Personal information
- Full name: Məmmədov Elməddin Azad oğlu
- Date of birth: October 9, 1995 (age 30)
- Place of birth: Baku, Azerbaijan
- Height: 1.92 m (6 ft 4 in)
- Position: Goalkeeper

Team information
- Current team: T.C. Sports Club
- Number: 1

Youth career
- -2013: AZAL PFK

Senior career*
- Years: Team / Apps / (Gls)
- 2013-2014: AZAL PFK-2
- 2015: FK Baku
- 2015–2017: Zira FK
- 2017: FC Alga Bishkek / 8 / (0)
- 2017–2018: Sabah FK / 1 / (0)
- 2018–2019: FC Tskhinvali / 8 / (0)
- 2019–2020: St. Andrews / 1 / (0)
- 2020–: TC Sports Club / 9 / (0)

International career
- 2010: Azerbaijan U15
- 2012: Azerbaijan U17
- 2013: Azerbaijan U19 / 3 / (1)
- Azerbaijan U21

= Elmaddin Mammadov =

Azerbaijani footballer (born 1995)

Elmaddin Mammadov (Elməddin Məmmədov; born on 9 October 1995), is an Azerbaijani footballer who plays as a goalkeeper for TC Sports Club in the Dhivehi Premier League. He defended the colors of the youth (up to 15, 17 and up to 19 years old) and youth teams of Azerbaijan.

==Biography==
Elmaddin Mammadov was born on October 9, 1995, in Baku.
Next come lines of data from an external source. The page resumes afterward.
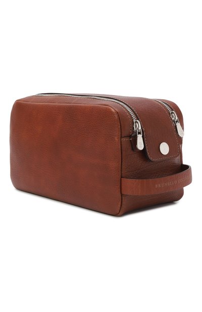Несессер из мелкозернистой телячьей кожи украсили тисненым логотипом бренда. Аксессуар на молнии дополнили подкладом из влагоотталкивающего текстиля и внутренней адресной биркой.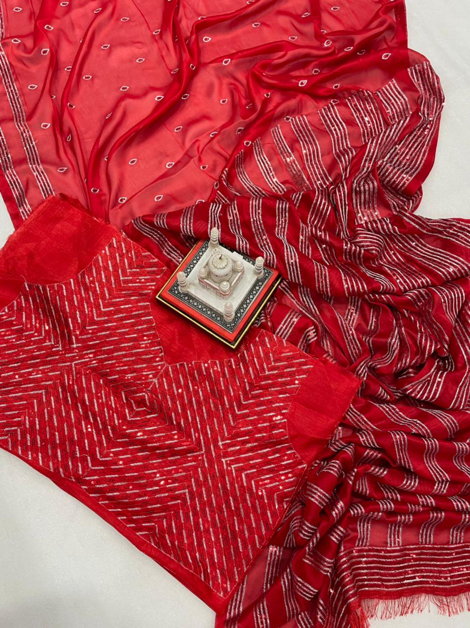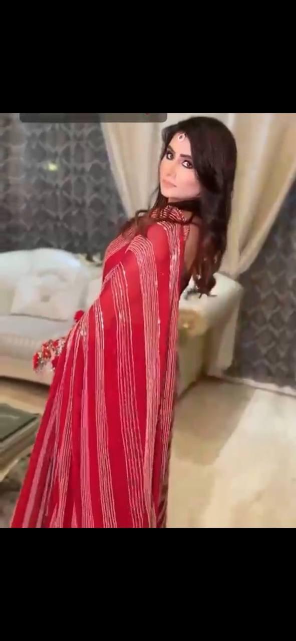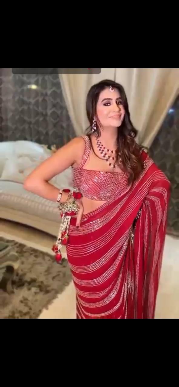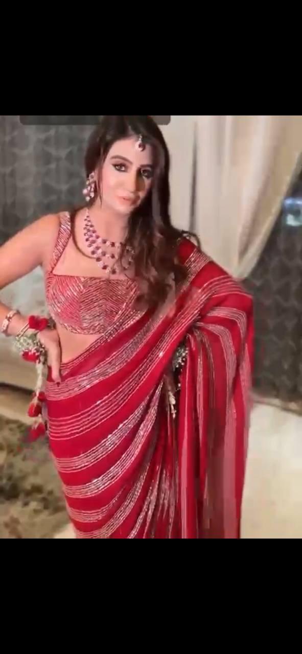 | WORK | Fabric :- Premium georgette work :- 5 Mm sequence work with mirror lace border |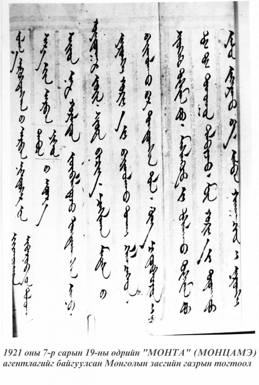 “МОНТА” /МОНЦАМЭ/ агентлагийг байгуулсан тухай 1921 оны 7 дугаар сарын 19-ний өдрийн Засгийн газрын тогтоол.
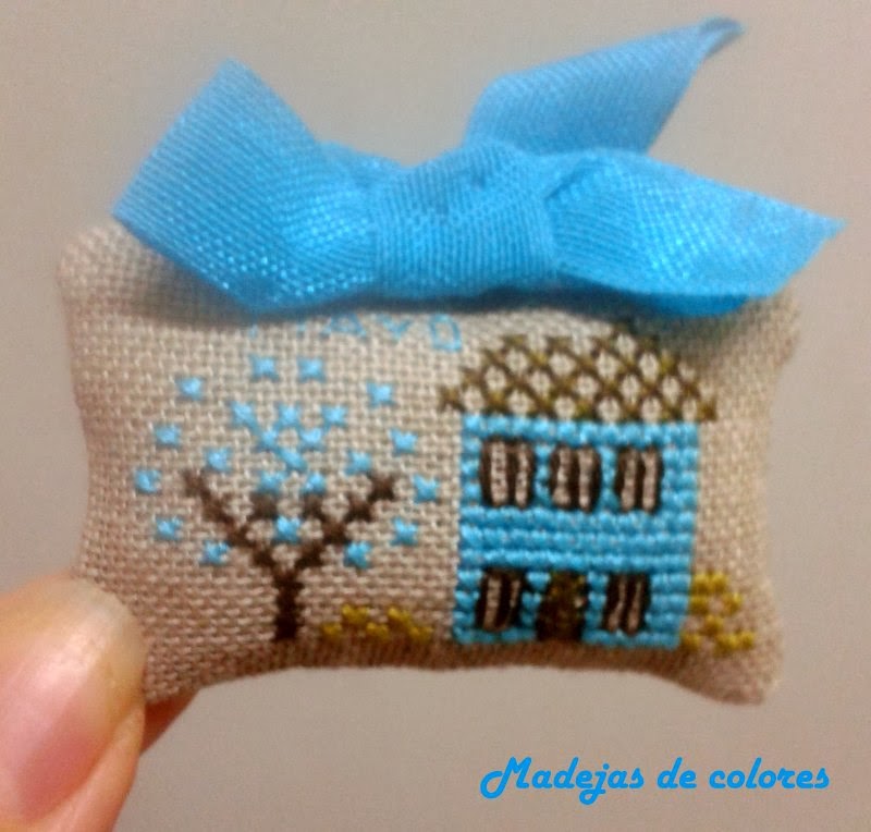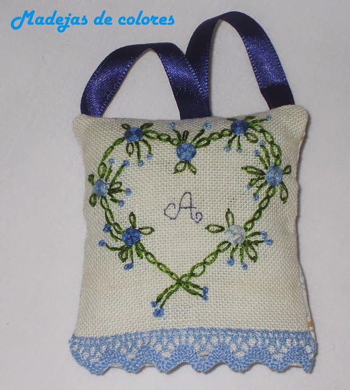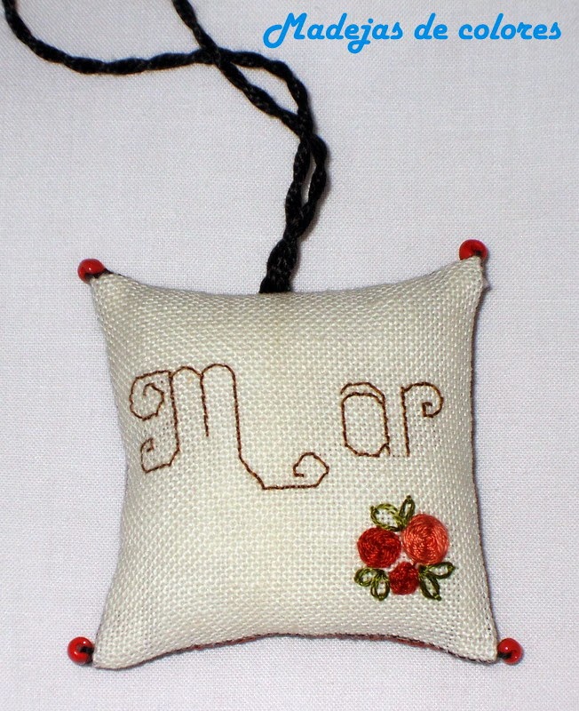 No creen que es un regalazo en toda regla, pero la joya de la corona, es este cojincito con su argolla para poner las madejas mientras trabajo, y en el cual se aprecia, todo el cariño puesto, pensando en mis gustos, al hacerlo en mi color favorito, ya habréis adivinado que es el turquesa y bordar el mes de mayo, en el que cumplo años.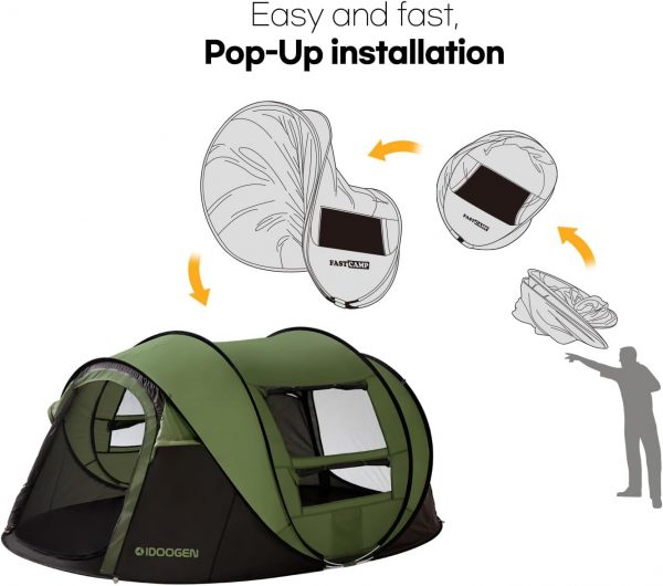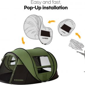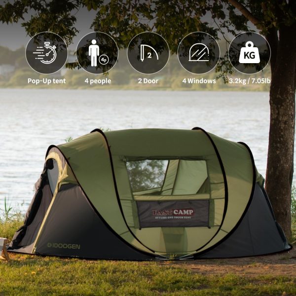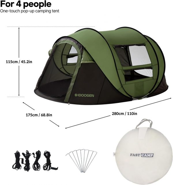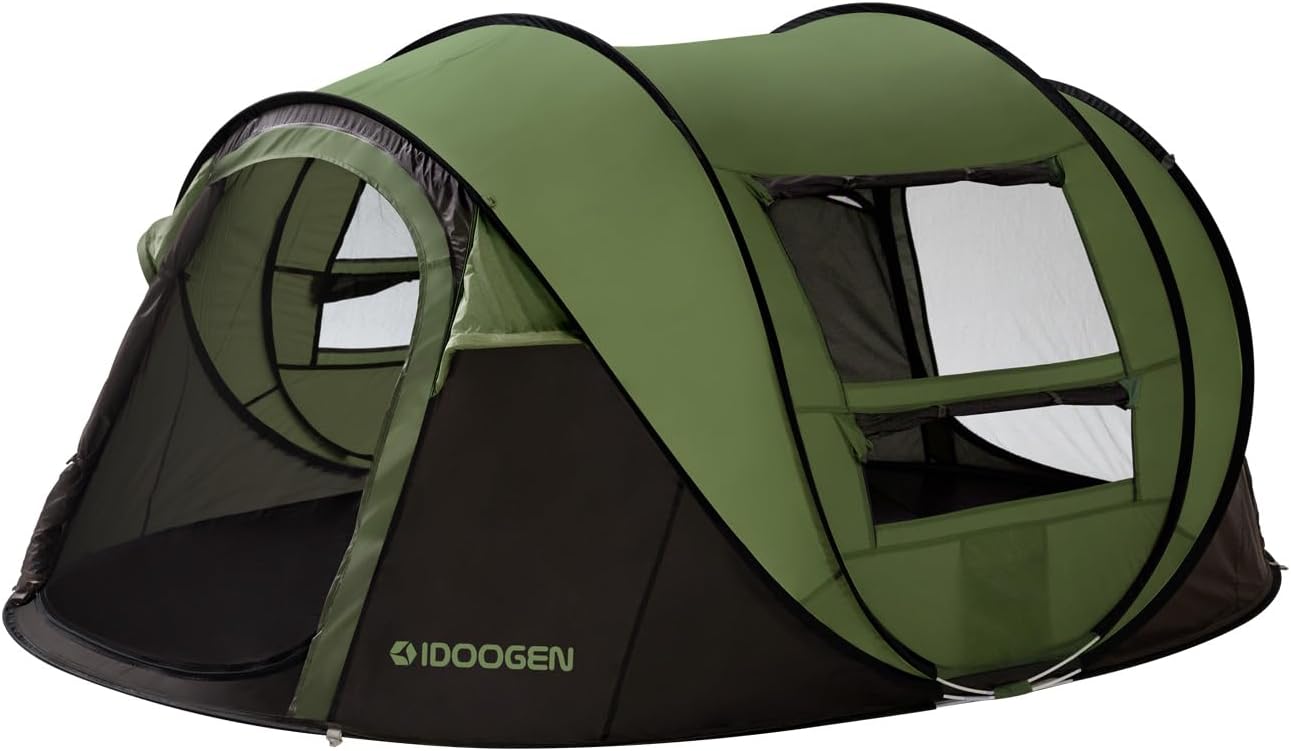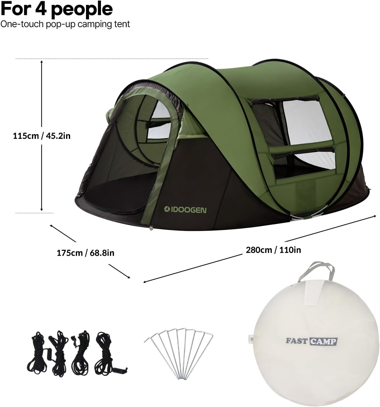 IDOOGEN 4 Person Pop Up Tent for Camping, Waterproof Easy Set Up Instant Family Tent with 2 Doors for Camping Hiking

In 2003-2014 he studied at the secondary school No. 247 in Baku.

==Career==
===Club career===
====Early career====
He started playing football at the age of 9, in the children's football school of the AZAL club, of which he is a pupil.

====Professional career====
=====AZAL=====
He began his professional career as a football player in the reserve squad of FC AZAL in 2011.

=====Alga Bishkek=====
In 2016–2017, for the first time in his career, he became a legionnaire. By signing an annual contract with the club of the Premier League of Kyrgyzstan - "Alga" FC. He also played one game in the Kyrgyzstan Cup.

=====Tskhinvali=====
In the 2018–2019 season, he spent one season in the club of the first Georgian league - "Tskhinvali". He played 8 games in the championship. He also played one game in the Georgian Cup.

=====St. Andrews=====
In 2019-2020 for 4 months he played in the St. Andrews F.C. in the top division of the championship of Malta.

=====TC Sports Club=====
In 2020, Mammadov signed for Maldivian side TC Sports Club.

===International career===
He has experience in playing for the youth teams of Azerbaijan under 15, 17 and 19 years old, as well as for the youth team of Azerbaijan under 21 years old.

====U-19====
He made his debut in the Azerbaijan youth team U19 on March 22, 2013, in a friendly match against the Estonian youth team U17. He played all 90 minutes of the match on the field.